# Exercise data
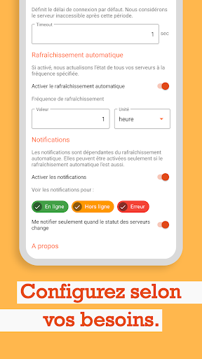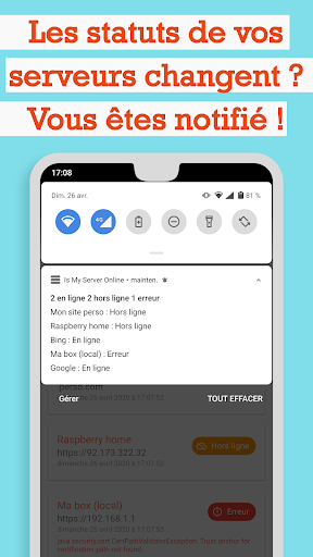 Un rafraîchissement automatique du statut de vos serveurs en arrière plan vous permet d'être notifié si un changement apparait.
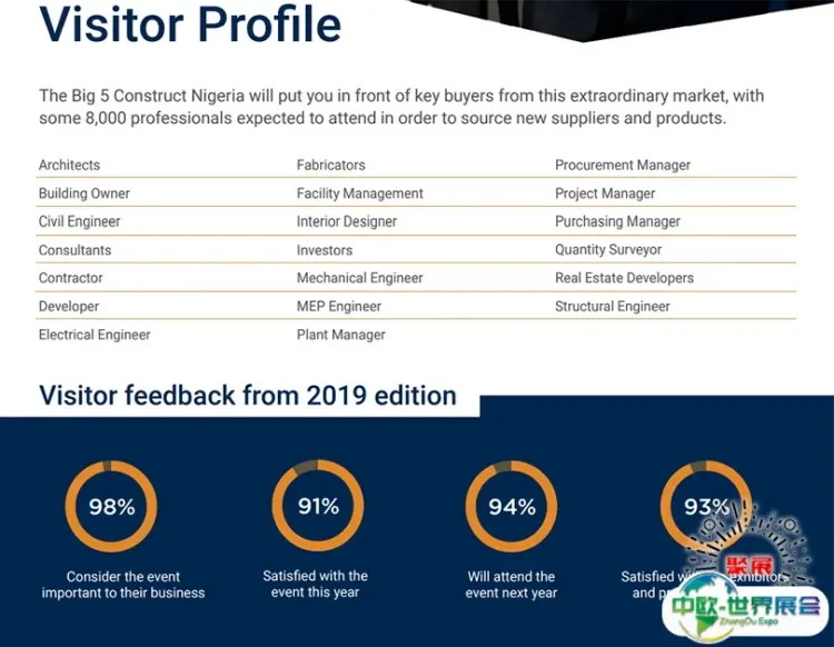 尼日利亚建材、卫浴五金、制冷五大行业展览会(Big5 Construct Nigeria)更是中国建材企业进军最佳贸易平台。
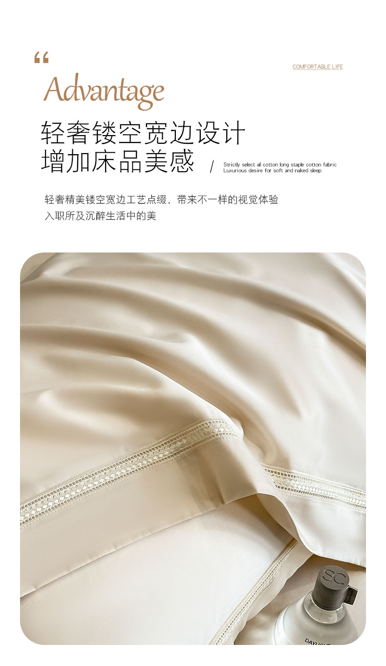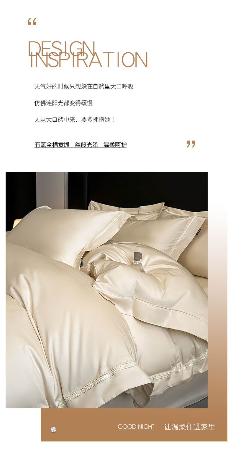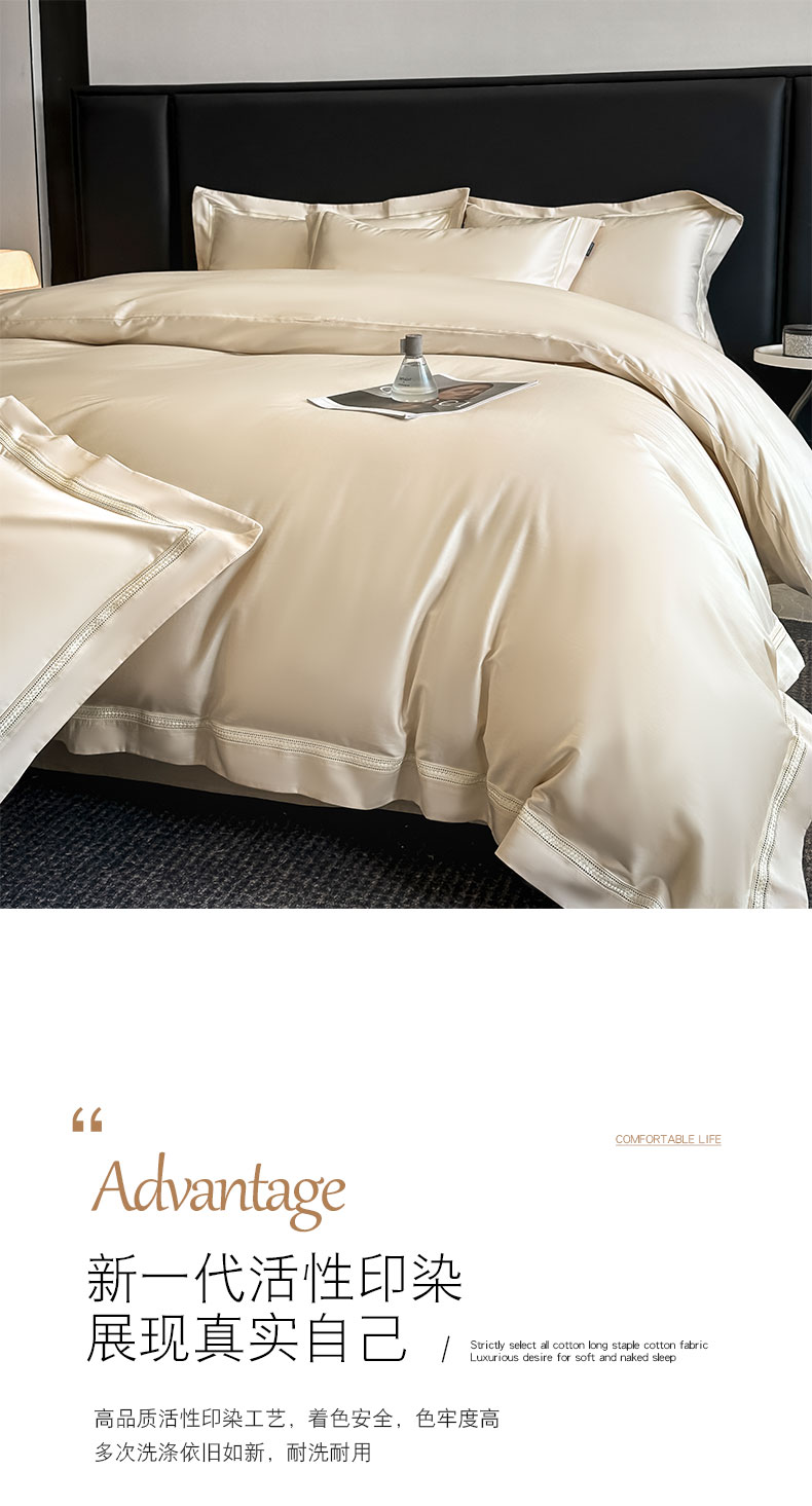 (总)安妮家居 2025新款100S长绒棉贡缎纯色四件套,水漾蓝,胧月灰,奶白色,蔷薇粉,柔缦紫,砂砾咖
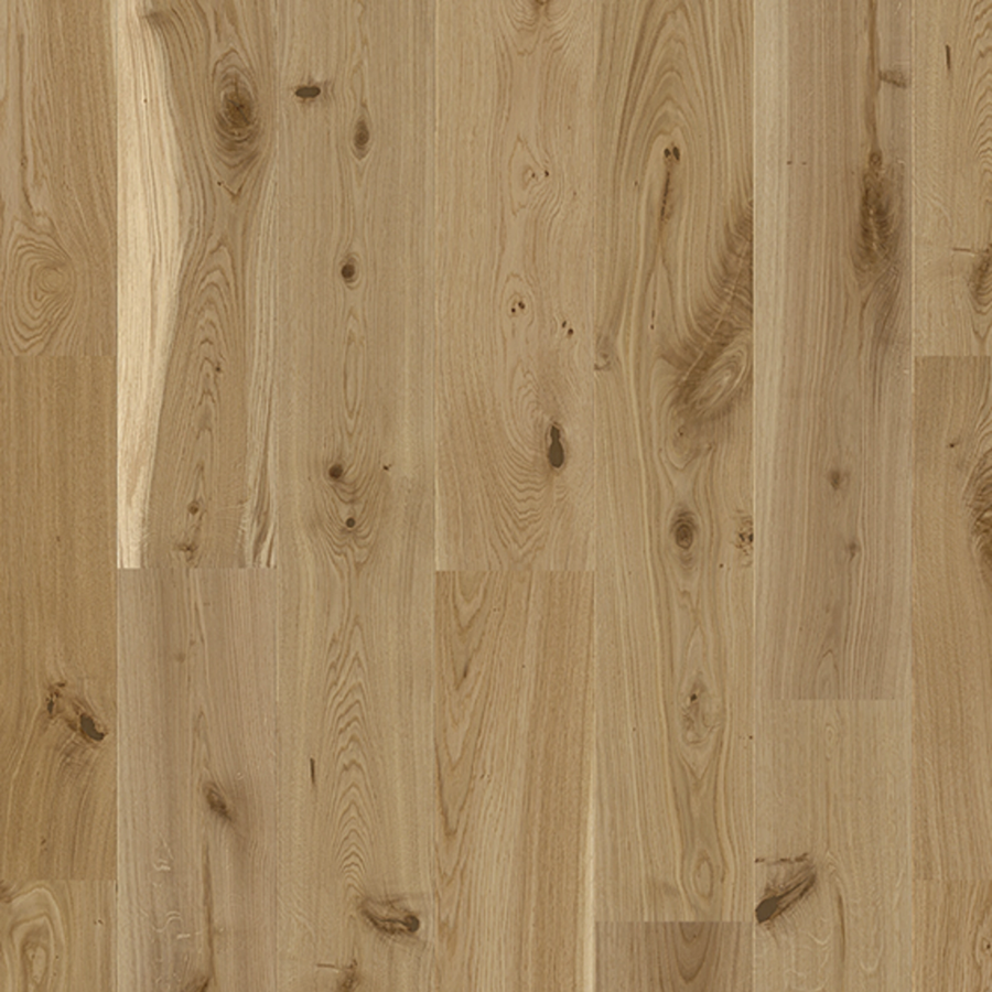 De Calgary-collectie van Joka staat bekend om haar hoogwaardige afwerking en natuurlijke karakter. De MIX-sortering zorgt voor een levendig, maar harmonieus beeld waarin noesten en natuurlijke houtstructuren mooi in balans zijn. Dankzij het geborstelde oppervlak komt de nerfstructuur van het eikenhout extra sterk naar voren. Dit geeft de vloer niet alleen meer diepte en karakter, maar zorgt ook voor een aangename, voelbare textuur onder de voeten.

# Problem requirements
Pictures stay out. Print the data exactly, from its first line through the line containing "(总)安妮家居 2025新款".

# Your solution
 Un rafraîchissement automatique du statut de vos serveurs en arrière plan vous permet d'être notifié si un changement apparait.
 尼日利亚建材、卫浴五金、制冷五大行业展览会(Big5 Construct Nigeria)更是中国建材企业进军最佳贸易平台。
 (总)安妮家居 2025新款100S长绒棉贡缎纯色四件套,水漾蓝,胧月灰,奶白色,蔷薇粉,柔缦紫,砂砾咖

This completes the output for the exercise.